Initially you'd think that Carol are her team were super speedy to respond to the crisis - and they sent out an email to all staff asking them to keep hush if the press came sniffing due to the scale of the problem.

More info here: http://www.theregister.co.uk/2009/01/20/sheffield_conficker/

Then you realise why. Carol's department turned off the updates that would have prevented this from happening. They did this because they caused auto reboots of machines in surgery - which seems like something you wouldn't want - until you understand that they only did that because Carol's IT chaps hadn't configured it correctly.

I'm not an MS engineer. I haven't done all the courses to understand updates and domains etc. But even I know that you can configure a group policy so that some machines reboot and some don't. Or you can configure what time of day they reboot. And if you don't want them rebooting at all then you put a business policy in place to make sure that someone toddles round and power cycles them at a uncritical time.
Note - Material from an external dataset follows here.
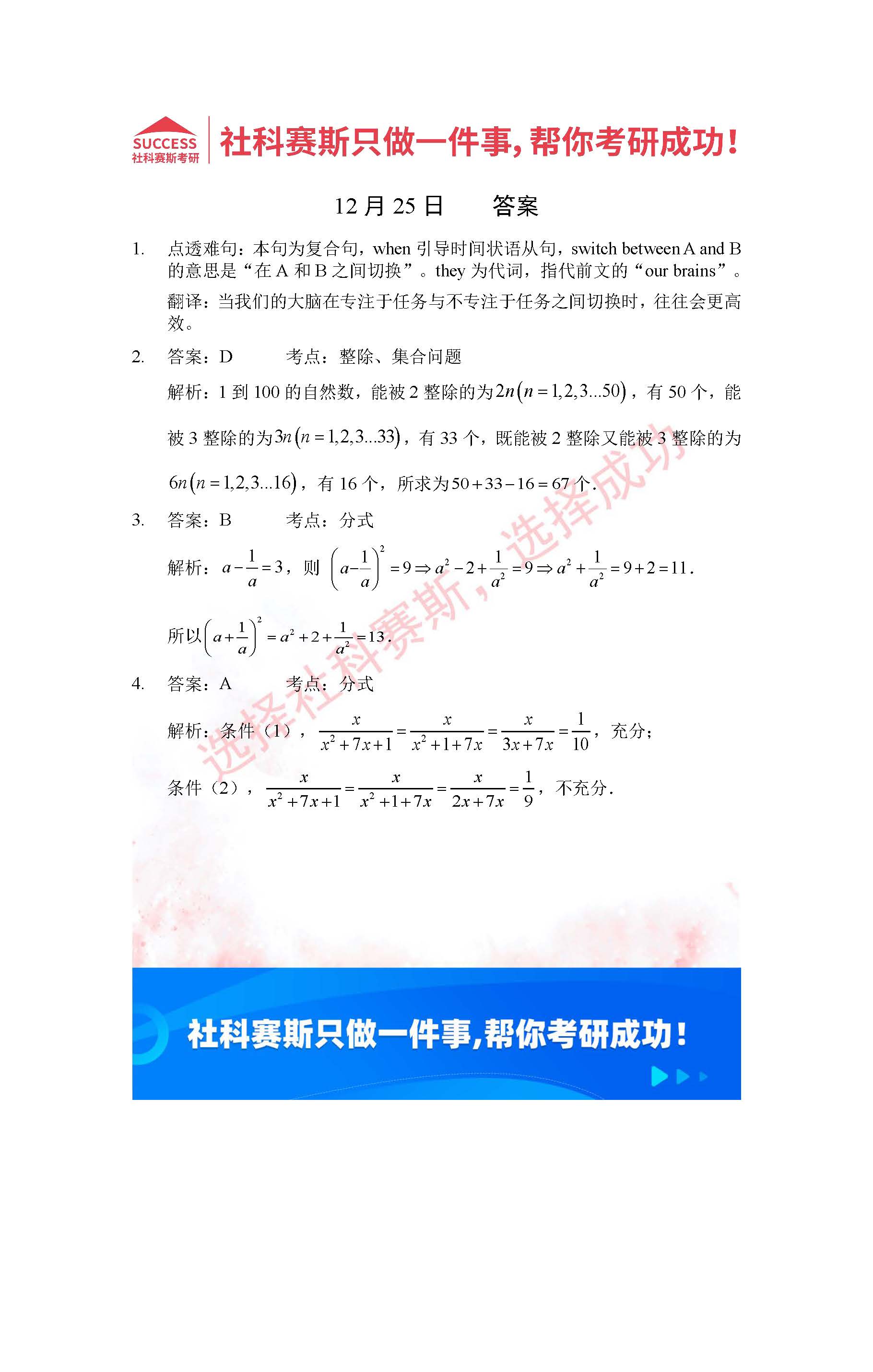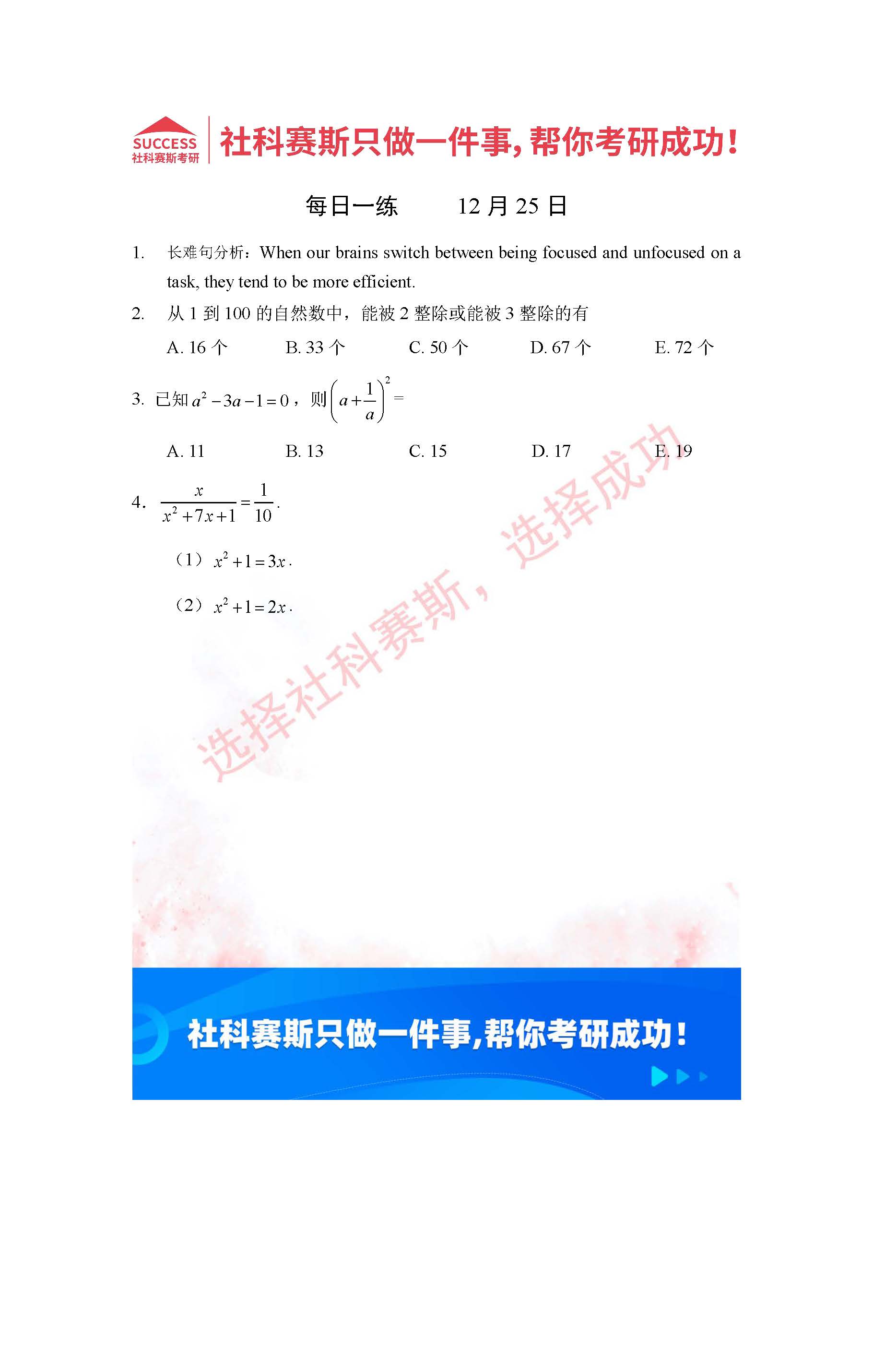 導讀:考研是一場持久戰,保持良好的學習習慣,是能確保復習高效的關鍵。今天社科賽斯MBA備考網小編整理了“2022管理類聯考12月25日每日一練及答案”的內容,希望能對廣大考生有所幫助。
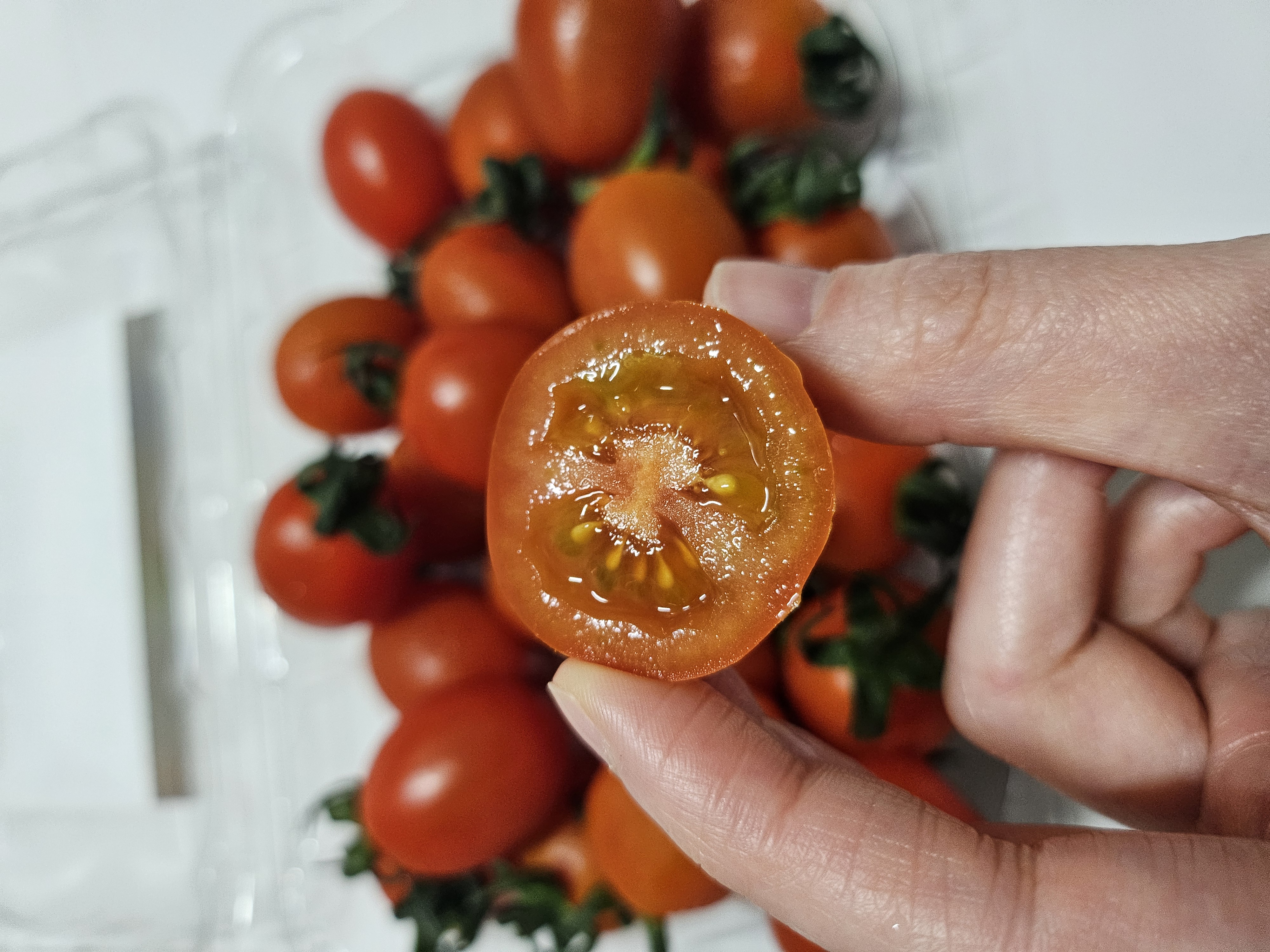 완전한 빨간색을 띄지 않아도 당도가 차있는 상태입니다 오히려 후숙하게 되면

And even if you didn't know that, you would know that if you turn off automatic updates then it's really worth your while checking the list of released updates to ensure that there's no serious vulnerabilities about.

The stupidity and ignorance of these IT managers and directors will have cost the trust hundreds of thousands of pounds, not to mention the the risk patients have been put at.

Thanks for the hard work sending out the email Carol, but your services are no longer needed here.